:: SOURCE DATA ::
--
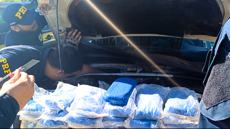 Ao aprofundar a fiscalização, um forte odor típico de entorpecente foi detectado próximo ao painel do Renegade. Após uma busca minuciosa, os policiais encontraram 38 tabletes de crack escondidos por trás do painel, totalizando cerca de 40 kg. Equipes da Polícia Civil do Maranhão, especializadas em cães farejadores, foram acionadas para verificar o Corolla, mas nada foi encontrado.
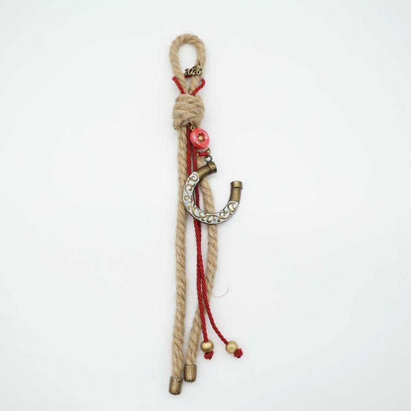 Κομψό γούρι σε φυσική μπεζ/εκρού απόχρωση. Στο κέντρο δεσπόζει ένα χρυσό πέταλο για θετική ενέργεια, το πέταλο συμβολίζει ευημερία και καλή τύχη.
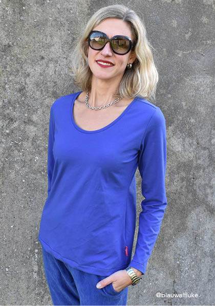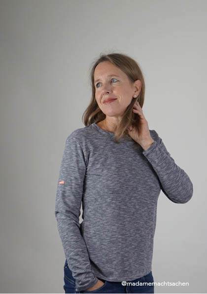 Im Schnittmuster vom BASIC-SHIRT sind drei Ausschnitttiefen und Kurz- und Langarm enthalten. Damit kannst du dich für jede Saison einkleiden. Die kurze Nähanleitung findest du direkt auf dem Schnittmuster.
--
:: TASK INSTRUCTIONS ::
With the pictures set aside, write out the whole listing exactly.

:: PROBLEM SOLUTION ::
 Ao aprofundar a fiscalização, um forte odor típico de entorpecente foi detectado próximo ao painel do Renegade. Após uma busca minuciosa, os policiais encontraram 38 tabletes de crack escondidos por trás do painel, totalizando cerca de 40 kg. Equipes da Polícia Civil do Maranhão, especializadas em cães farejadores, foram acionadas para verificar o Corolla, mas nada foi encontrado.
 Κομψό γούρι σε φυσική μπεζ/εκρού απόχρωση. Στο κέντρο δεσπόζει ένα χρυσό πέταλο για θετική ενέργεια, το πέταλο συμβολίζει ευημερία και καλή τύχη.
 Im Schnittmuster vom BASIC-SHIRT sind drei Ausschnitttiefen und Kurz- und Langarm enthalten. Damit kannst du dich für jede Saison einkleiden. Die kurze Nähanleitung findest du direkt auf dem Schnittmuster.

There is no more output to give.